Since then, the BoT has targeted price stability. The Monetary Policy Council, which comprises three internal
and four external members, is responsible for setting monetary policy with the aim of ensuring low and
stable inflation. The target for headline inflation is 2.5%. Since July 1997, Thailand has adopted a managed-
float exchange rate regime, consistent with its inflation-targeting regime. The central bank can intervene if
there is excess volatility, particularly instability resulting from speculative capital flow.
Politics
Thailand is a kingdom. The king is officially titled Head of State, the Head of the Armed Forces, Upholder of
the Buddhist religion, and the Defender of all Faiths. King Bhumibol Adulyadej reigned from 1946 until his
death in October 2016, making him the longest-ruling monarch in Thai history. Thailand had an absolute
monarchy until 1932, and the 1997 constitution was the first to be drafted by a popularly elected
Constitutional Drafting Assembly. The constitution created a bicameral legislature consisting of a 500-seat
House of Representatives and a 200-seat Senate. For the first time in Thai history, both houses were directly
elected.

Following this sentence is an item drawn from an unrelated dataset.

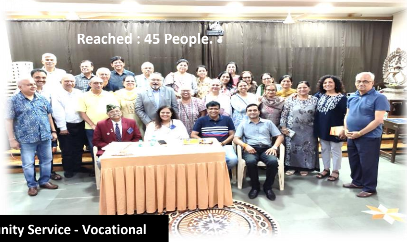
Community Service - Vocational
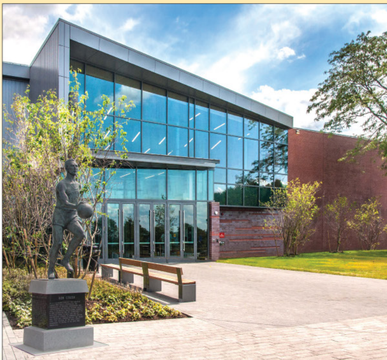
Hart Center, College of the Holy Cross

The January 2001 general election, the first under the 1997 constitution, was won by Thaksin
Shinawatra, and the subsequent government was the first to complete a four-year term. At the 2005
election, which had the highest voter turnout in history, Thaksin won a second term.
After intensifying levels of political conflict surrounding a highly controversial business deal, Thaksin was
accused of corruption and abuse of power, and was subsequently ousted in a military coup in September
2006. He has since been in self-imposed exile, facing a two-year jail sentence if he returns to Thailand after
being convicted in absentia on a conflict-of-interest charge.
When elections were held 18 months after the coup, Thaksin's supporters returned his allies to power.
However, in November 2008, the Peoples' Alliance for Democracy (PAD) group, which wears yellow shirts
and opposes Thaksin, staged a weeklong sit-in at Bangkok's two airports, shutting down air traffic and
crippling the tourism industry. These protests, combined with a court decision to ban the ruling party, left
the Democrats in a position to form a coalition government.
In March and April 2009, supporters of Thaksin, who wear red shirts and whose formal name is the United
Front for Democracy (UDD), called for fresh protests in Bangkok in an attempt to overthrow the
government. As the army gathered, the Red Shirts called off their protest because they feared greater loss
of life. But the anger didn’t go away, and in March 2010 they called for renewed protests in Bangkok aimed
at toppling the government. The protests ended in May with a military crackdown, which left at least 88
people dead.
The Puea Thai party supporting the Thaksin cause won the general election in July 2011. The elections were
peaceful, and the military accepted the victory, allowing Yingluck Shinawatra (Thaksin’s sister) to form a
government and begin a four-year term as the prime minister. However, in November 2013 the
government tried to pass an amnesty bill that would have allowed self-exiled Thaksin to return to Thailand.
The bill was rejected, but it sparked mass protests. The prime minister called an election in February 2014,
18 months ahead of schedule. The election took place but was then declared invalid.
The army seized control again in May 2014, with this coup subsequently gaining the king’s support. In
August 2016, a referendum on a new constitution was passed. This tilted the balance of power towards the
pro-military (junta) party because 250 seats in the Senate are appointed from the Royal Thai Military. In
March 2019, after several delays, Thailand held its first general election since the military coup. The pro-
military Palang Pracharath Party (PPRP), led by incumbent Prime Minister Prayut Chan-o-cha, won the
election with a slim majority in the lower house.